Правда, еще в самом начале выгрузки, словно знал он день и час, на большой высоте прошел немецкий разведчик. Торопливо захлопали зенитки. Белесые шарики разрывов поплыли в безоблачной синеве, провожая самолет.
— Живем! — Виктор хлопнул меня по спине.
Я оглянулся. Невозможно было удержаться от смеха! Уж больно несуразно-воинствен был он в своем толстом ватном бушлате, в шапке, налезшей наподобие шлема по самые брови, перепоясанный широким ремнем, на котором висели и массивная противотанковая граната, и две «эфки», и брезентовые патронташи. Ближе к оттопыренному заду — на Викторе, как и на мне, было трое штанов: теплые кальсоны, армейские брюки, стеганые ватные — отдувался противогаз. С другого бока — полевая сумка на брезентовом ремешке.

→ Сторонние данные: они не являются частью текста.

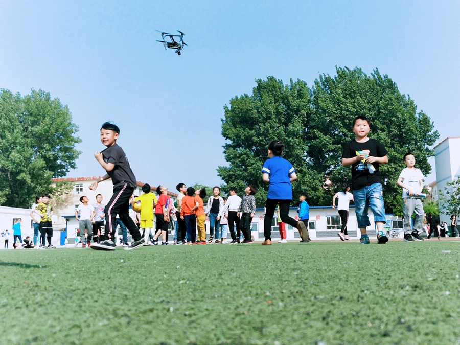 安新县第二小学学生观看无人机拍摄。图片由安新县科技局提供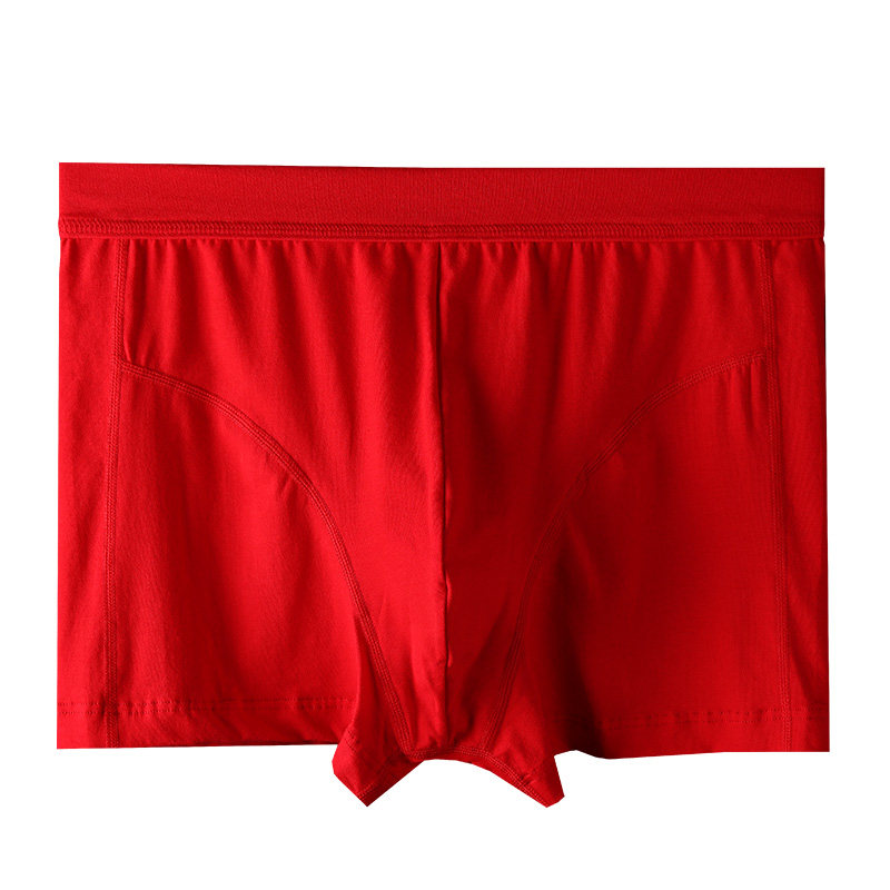 头 大红色四角短裤 CarreKenbt属马生肖内裤 男本命年桑蚕丝档平角裤

Над плечом гордо возвышалось вороненое дуло самозарядной винтовки Токарева. Ох и эффектно же она выглядела, блестяще-новенькая, с красным полированным прикладом. У нескольких человек, в том числе и у меня, были эти винтовки. Капризная, своенравная, она годилась разве что для парадов. Мы сдали их после первого же боя, взяли нашу неизменную трехлинейную образца 1895 дробь 1930 года.

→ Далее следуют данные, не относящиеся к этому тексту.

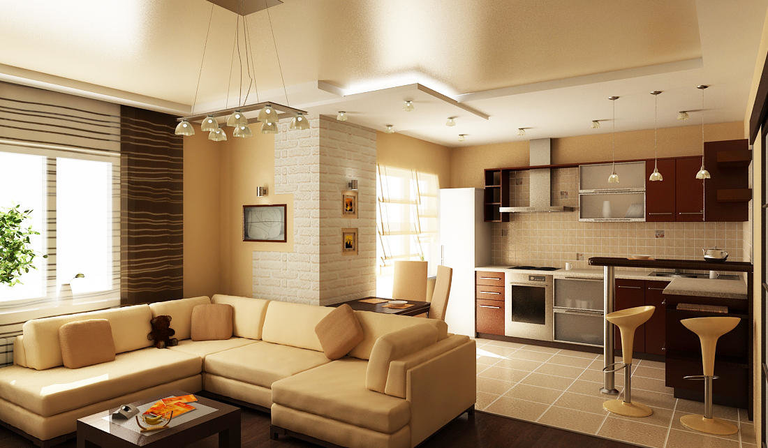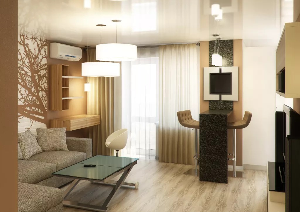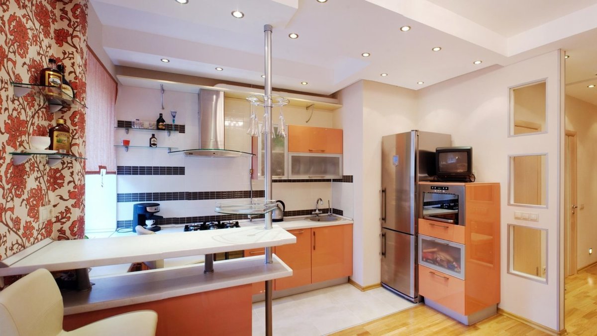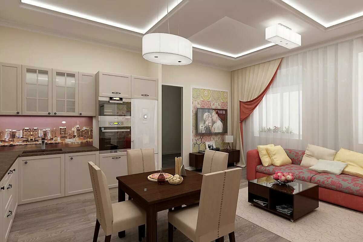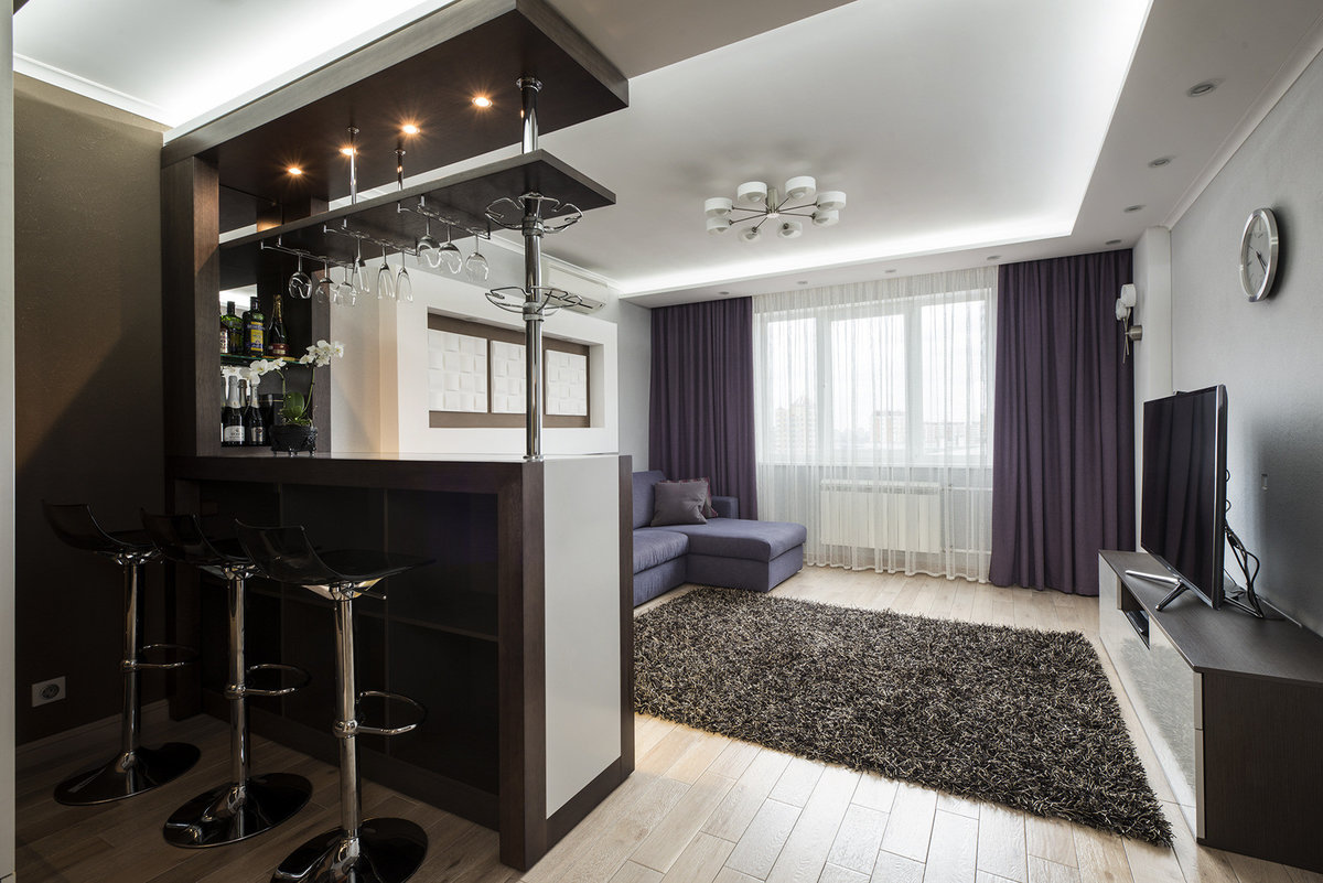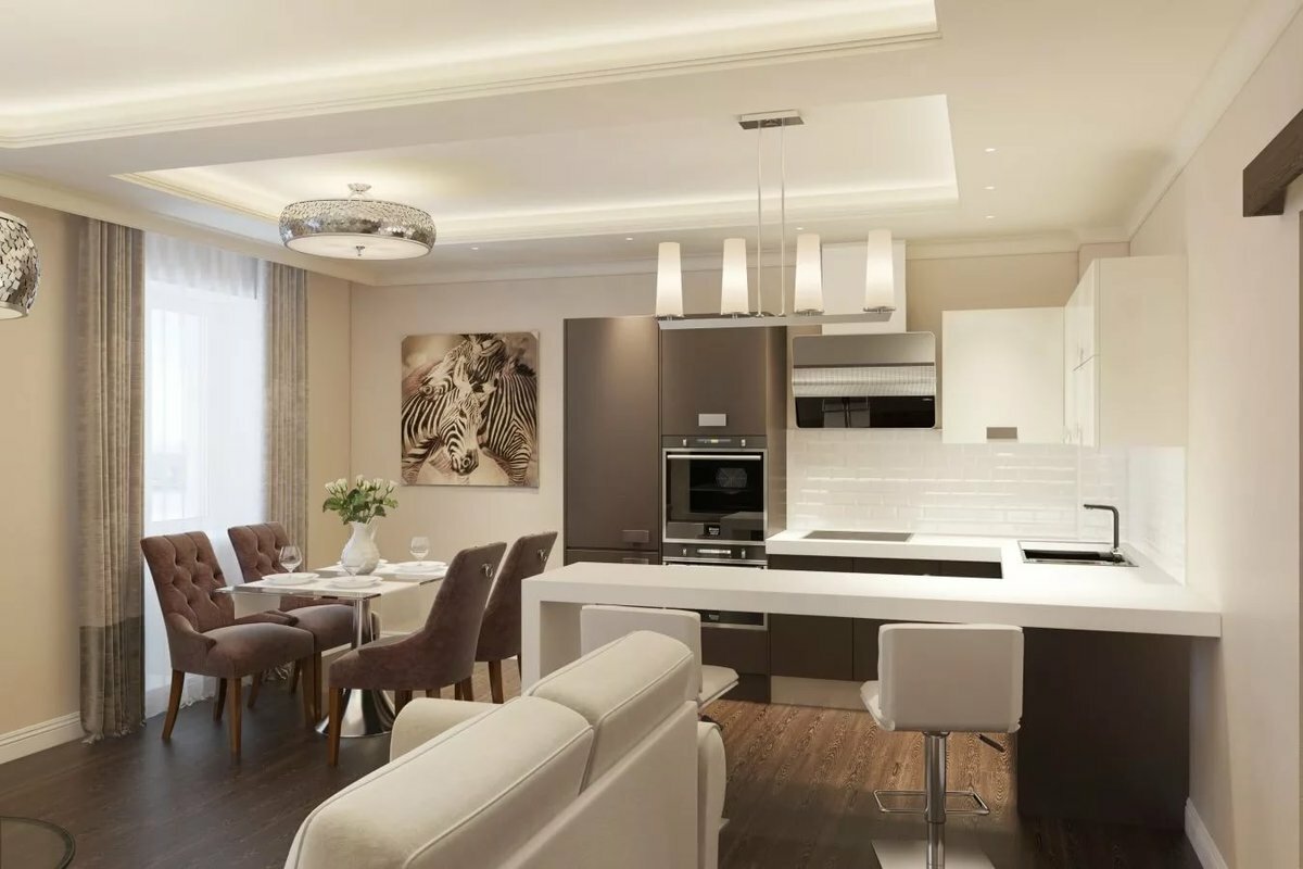 Si le salon est situé près de la cuisine, vous pouvez supprimer le mur entre ces pièces.

Лицо у Виктора счастливое, чумазое, в пятнах копоти. Он сегодня утром все раздувал печку, дрова были сырые, дымили…
— Слушай, вояка! Ты хотя бы умылся, — посоветовал я Виктору и легонько подтолкнул его к снегу.

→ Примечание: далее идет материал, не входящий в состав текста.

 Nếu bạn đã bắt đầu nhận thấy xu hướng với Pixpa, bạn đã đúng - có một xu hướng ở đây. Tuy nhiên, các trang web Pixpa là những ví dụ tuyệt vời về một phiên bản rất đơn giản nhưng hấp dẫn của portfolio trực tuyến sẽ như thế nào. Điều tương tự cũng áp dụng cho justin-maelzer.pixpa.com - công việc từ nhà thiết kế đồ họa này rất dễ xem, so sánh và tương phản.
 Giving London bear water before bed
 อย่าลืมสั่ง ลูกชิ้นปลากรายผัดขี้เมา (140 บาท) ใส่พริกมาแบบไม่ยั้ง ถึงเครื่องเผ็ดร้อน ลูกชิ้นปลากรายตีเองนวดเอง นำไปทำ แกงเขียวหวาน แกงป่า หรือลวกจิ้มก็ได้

Он толкнул меня. Мы хохотали. Подпрыгивали и толкались. Мы дурачились, как молодые жеребята, вырвавшиеся на волю. Виктор от моего толчка, неожиданно взмахнув руками, полетел с насыпи в снег. Не думаю, что я его уж так сильно толкнул, по на нем амуниции было пудика на полтора…
— Вы! — рявкнул от вагона Борис Варавва, наш командир роты. В длинной, хорошо пригнанной шинели. Сапоги горят. Артиллерийский бинокль приторочен на груди среди ремней. Он шел прямо на нас. Глаза твердые, желтые, немигающие. — Недоноски! Дефективные! Ты не видишь, у него противотанковая граната. Рванет — костей не соберешь.
Я вытянулся по стойке «смирно». Преданно и бессмысленно вытаращил глаза. Озоровал. Не понимаю, с чего меня такое веселье разобрало.
Борис взглянул на меня. Остывая, равнодушно сказал:
— Переигрываешь! Ремень подтяни! Застегни шинель!
Другому «дефективному», выкарабкавшемуся из снега, приказал:
— Противотанковую гранату сейчас же сдай старшине. И оба: марш за минометами!
Мы побежали вдоль вагонов к платформе…
За год до войны Борис, демобилизованный «кадровый» старшина, оказался у нас на факультете. Чем-то вроде помощника у нашей добрейшей Серафимы Ивановны, которая была и заведующей учебной частью, и диспетчером, и просто человеком, к которому мы шли со всеми своими студенческими неприятностями и неполадками. Борис, в гимнастерке со следами на петлицах от недавно снятых знаков различия, поначалу довольно растерянно поглядывал на этот проходивший перед его глазами неутихающий, не признающий субординации, скандалящий, шумящий студенческий рой! А потом приободрился, поступил и сам на заочное отделение и даже, кажется, сдал одну сессию.